### WHAT IS REQUIRED
Since the listing below shows pictures, leave them out and write out exactly the lines from the line with "The box is constructed" to the line with "draped maxi dress", both included, and no others.

### RECORDS FOR THE TASK
========================================
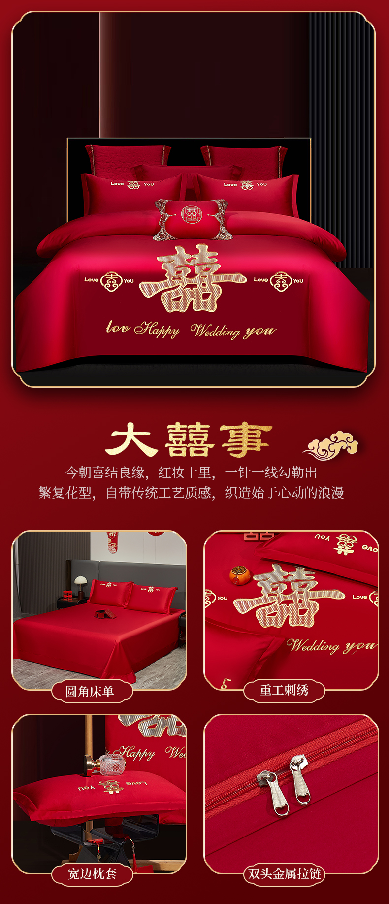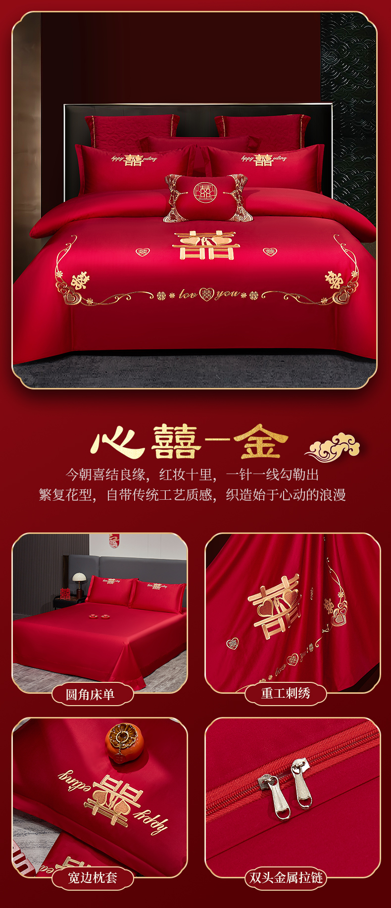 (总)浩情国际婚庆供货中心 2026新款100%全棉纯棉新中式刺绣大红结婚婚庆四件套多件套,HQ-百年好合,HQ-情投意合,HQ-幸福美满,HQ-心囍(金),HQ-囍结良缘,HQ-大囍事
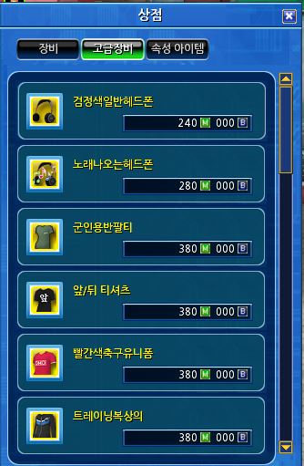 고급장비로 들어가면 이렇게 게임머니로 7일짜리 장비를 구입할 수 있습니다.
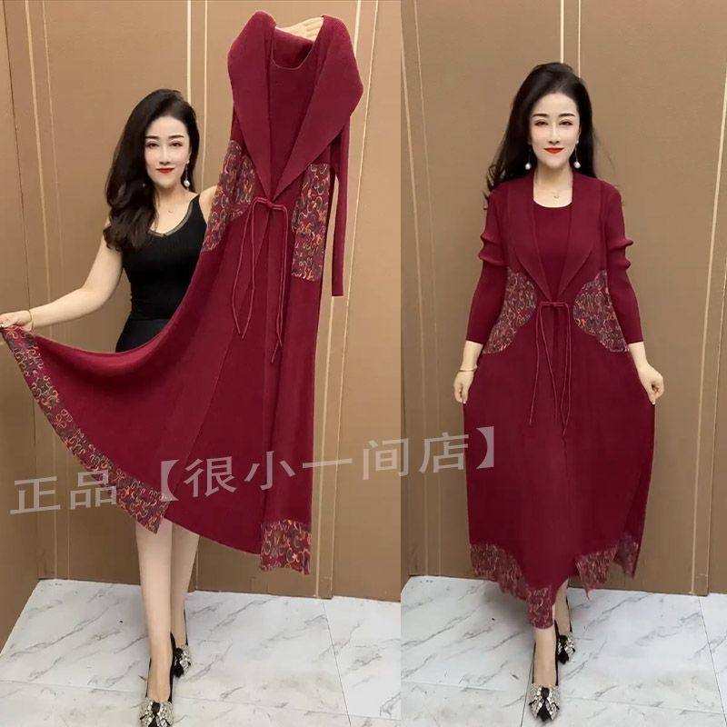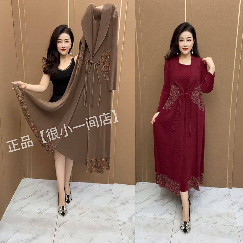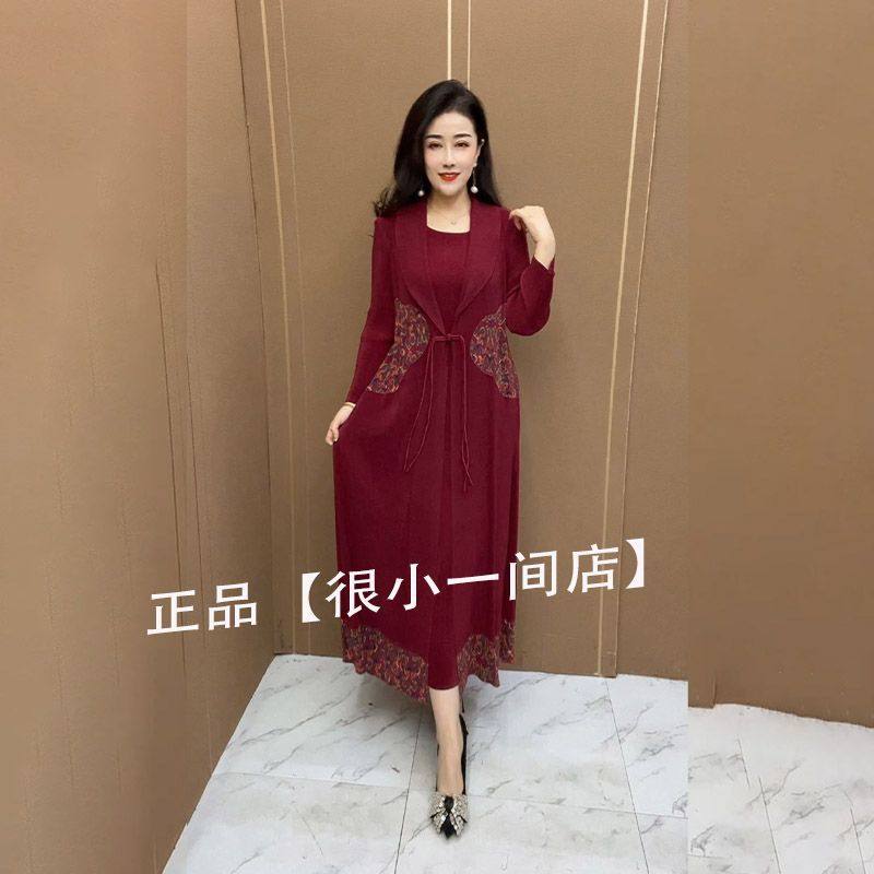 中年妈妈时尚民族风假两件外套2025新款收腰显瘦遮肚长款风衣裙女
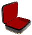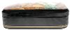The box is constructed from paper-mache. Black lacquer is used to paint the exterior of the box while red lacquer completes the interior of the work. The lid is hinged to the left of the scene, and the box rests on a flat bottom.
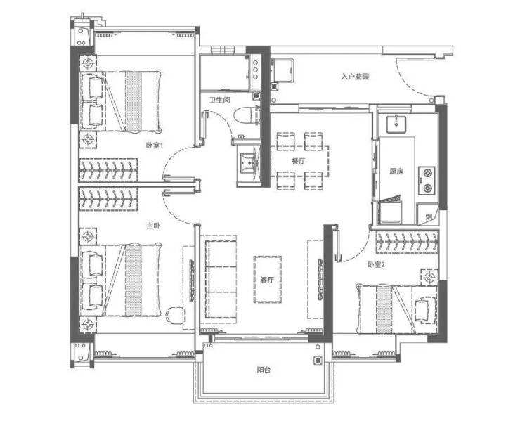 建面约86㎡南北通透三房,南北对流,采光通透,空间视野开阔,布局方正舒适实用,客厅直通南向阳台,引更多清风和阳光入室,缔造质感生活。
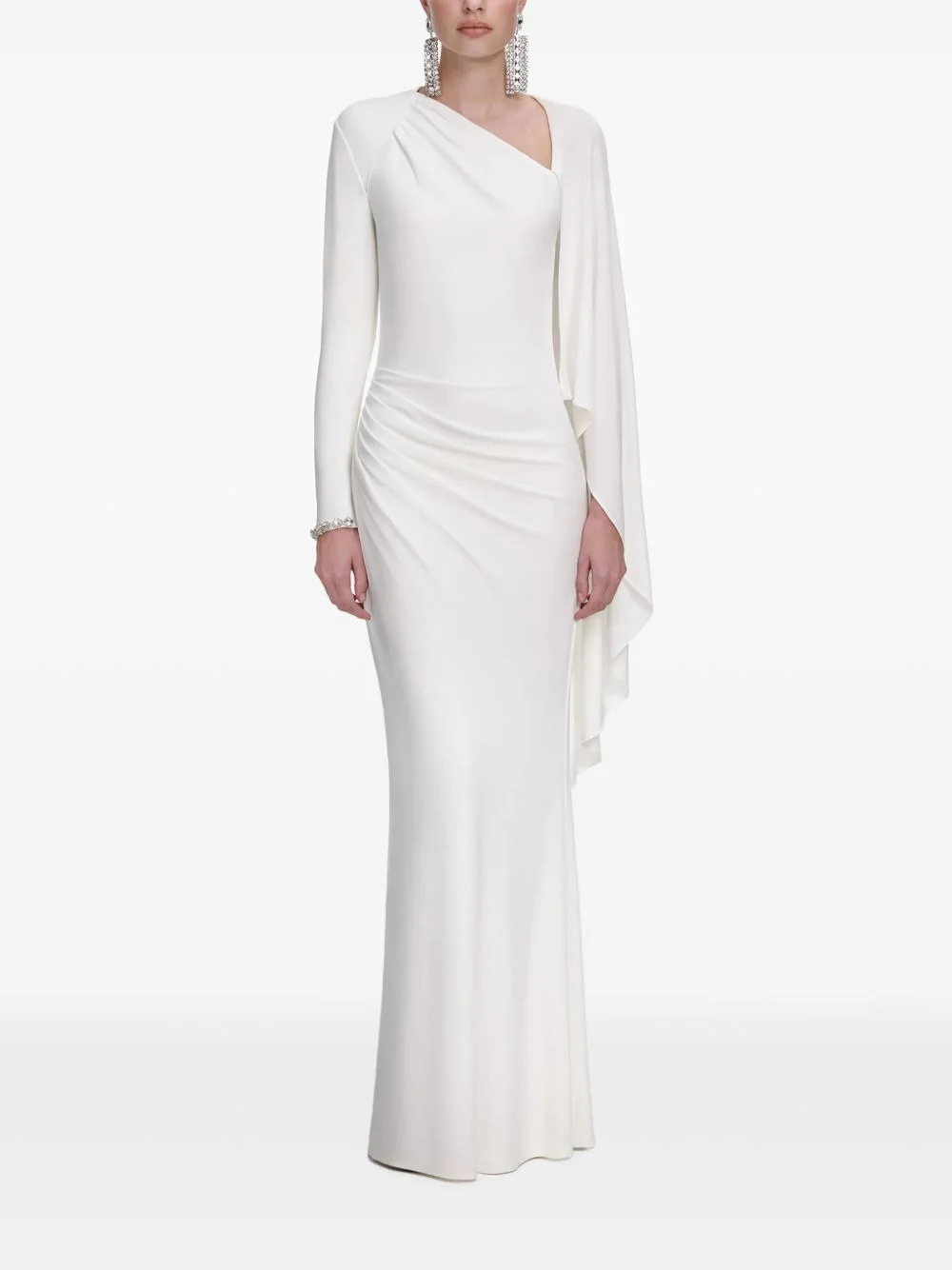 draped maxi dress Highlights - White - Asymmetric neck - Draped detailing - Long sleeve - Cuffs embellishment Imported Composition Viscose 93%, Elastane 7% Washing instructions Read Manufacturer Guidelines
========================================
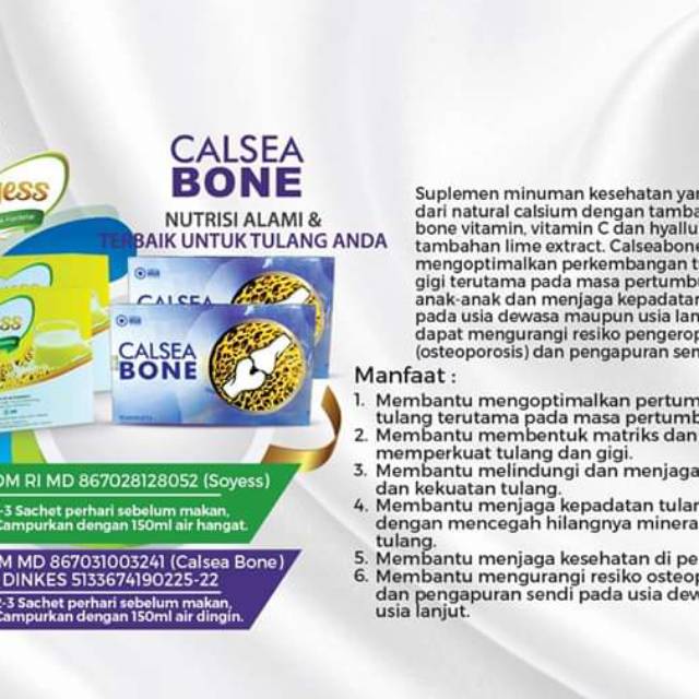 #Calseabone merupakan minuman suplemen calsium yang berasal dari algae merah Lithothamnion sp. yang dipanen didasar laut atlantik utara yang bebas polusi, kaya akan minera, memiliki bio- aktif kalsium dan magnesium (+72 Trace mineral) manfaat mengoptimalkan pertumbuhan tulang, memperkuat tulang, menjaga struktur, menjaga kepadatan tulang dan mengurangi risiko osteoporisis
========================================
### WRITTEN SOLUTION
The box is constructed from paper-mache. Black lacquer is used to paint the exterior of the box while red lacquer completes the interior of the work. The lid is hinged to the left of the scene, and the box rests on a flat bottom.
 建面约86㎡南北通透三房,南北对流,采光通透,空间视野开阔,布局方正舒适实用,客厅直通南向阳台,引更多清风和阳光入室,缔造质感生活。
 draped maxi dress Highlights - White - Asymmetric neck - Draped detailing - Long sleeve - Cuffs embellishment Imported Composition Viscose 93%, Elastane 7% Washing instructions Read Manufacturer Guidelines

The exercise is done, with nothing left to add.